Canadian jazz pianist

Bill Clifton (July 6, 1916 - February 26, 1967) was a Canadian jazz pianist based in New York City for almost three decades. He played with many of the name bands of the swing era and accompanied some of the music industry's most noted vocalists He is remembered today as an early and important influence on the great jazz pianist Bill Evans.

== Career ==
Clifton was born in Toronto, Ontario. He began his piano studies at age seven with Toronto's Royal Conservatory Of Music. Bill was introduced to the music of Fletcher Henderson and Duke Ellington in his high school years and began to ponder a career as a professional musician. After graduating, he became the pianist in The Cliff McKay Band, a Canadian group that played a few "hot" arrangements amongst its stylistically broad program. Bill Clifton entered New York City in 1939, finding immediate employment with The Paul Whiteman Orchestra. Stints with: Benny Goodman, Woody Herman, Ray Noble, Bud Freeman, Abe Lyman and others followed. Bill also performed and (or) recorded with some of the most beloved voices in American music history including: Bing Crosby, Frank Sinatra, Cliff "Ukulele Ike" Edwards (the voice of Disney's Jiminy Cricket) and Ilene Woods (the voice of Disney's Cinderella).

He made many appearances on radio and television during his employment as a studio musician for several years at both the NBC and CBS networks. He was a regular guest on the "Piano Playhouse" radio program during its lengthy run on NBC from the late 1940s to early 1950s.
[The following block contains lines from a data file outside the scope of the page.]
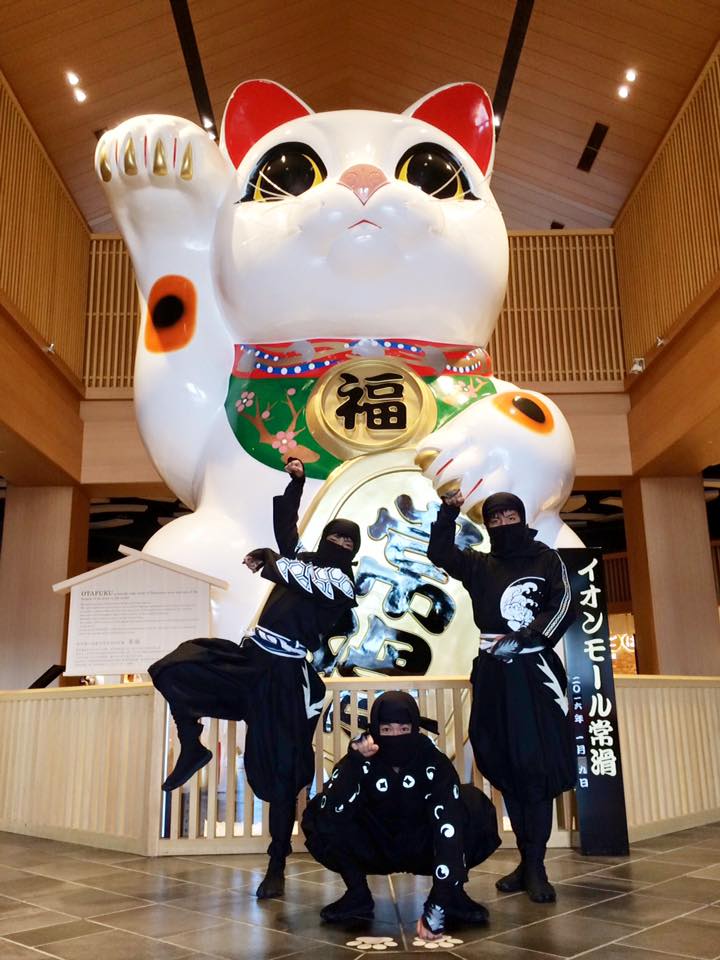 網友徳川家康と服部半蔵忍者隊生在現代的日本忍者任務已經從暗殺變成推廣觀光,在不少名勝古蹟都可以看到他們的蹤影。圖為和招財貓合影的忍者。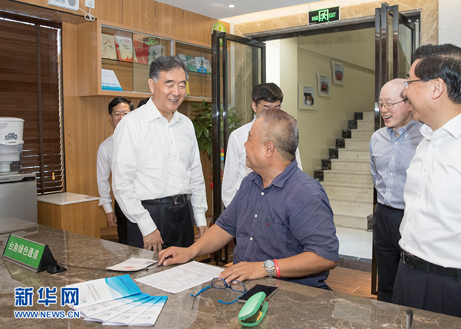 6月6日至7日,中共中央政治局常委、全國政協(xié)主席汪洋在廈門出席第十屆海峽論壇期間,就兩岸經濟文化交流合作情況進行調研。這是6月7日,汪洋在廈門市湖里區(qū)殿前街道興隆社區(qū)便民服務大廳了解臺胞在閩生活工作情況。新華社記者 王曄 攝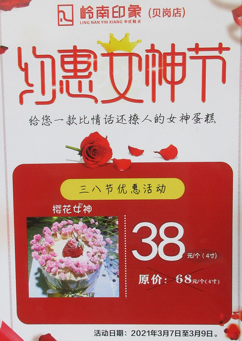 | 贝岗-岭南印象蛋糕店-三八节优惠活动 樱花女神原价68元现价38元 活动日期3.7-3.9 | ||||||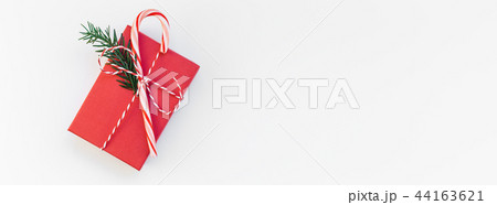 Christmas, New year frame composition. Gift box, red decoration, candy canes and confetti on white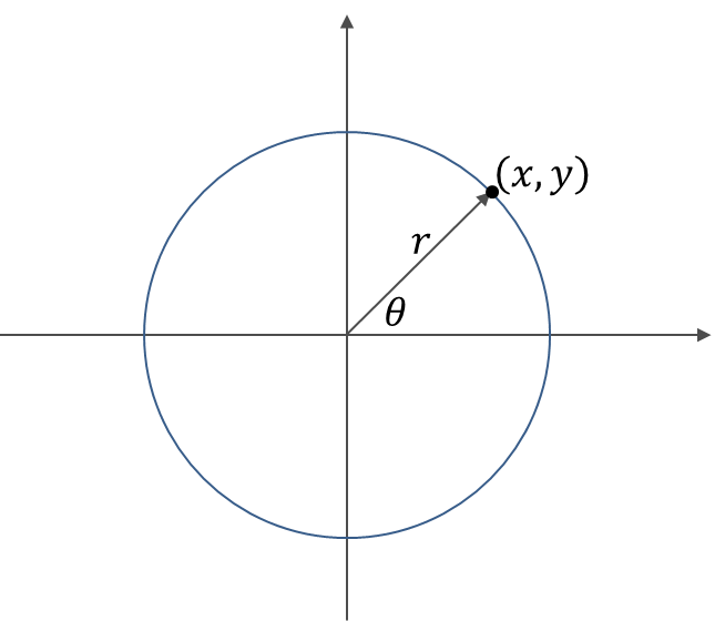점 (x, y)의 위치는 반지름과 삼각함수를 이용하여 구할 수 있다.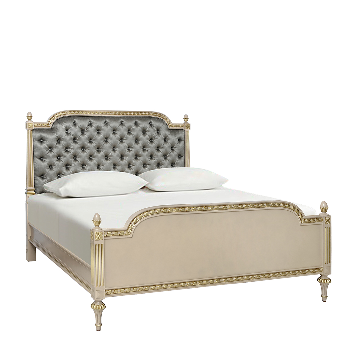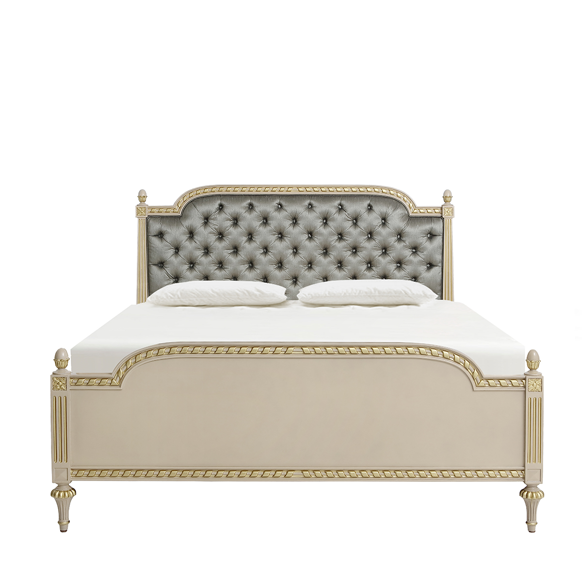普羅旺斯矮柱軟包床藍灰交相輝映,視感醇透明亮而飽含著平靜優雅力量;古舊金屬色調搶眼的裝飾其中,帶起一陣懷舊情愫。簡單的白、古舊的貼仿金箔雕刻與灰藍色配搭,于純凈的氣質中呈現著輕奢的姿態。

This was a popular weekly broadcast with an international audience that featured the most important pianist in the jazz and classical fields. His work in television included membership in the Tony Mottola Trio. This combo pioneered live music accompaniment for early television and was led by the brilliant guitarist, Tony Mottola. Bill Clifton also appeared in a number of films including "The Laugh Maker" (1953). starring Jackie Gleason and Art Carney. For several years, beginning in the late 1940s, Clifton alternated solo shows with the great pianist, Cy Walter (the Park Avenue Art Tatum) at New York's famed Drake Room. This elegant night spot housed in The Drake Hotel was a nexus at the time for some of the biggest names in the entertainment world.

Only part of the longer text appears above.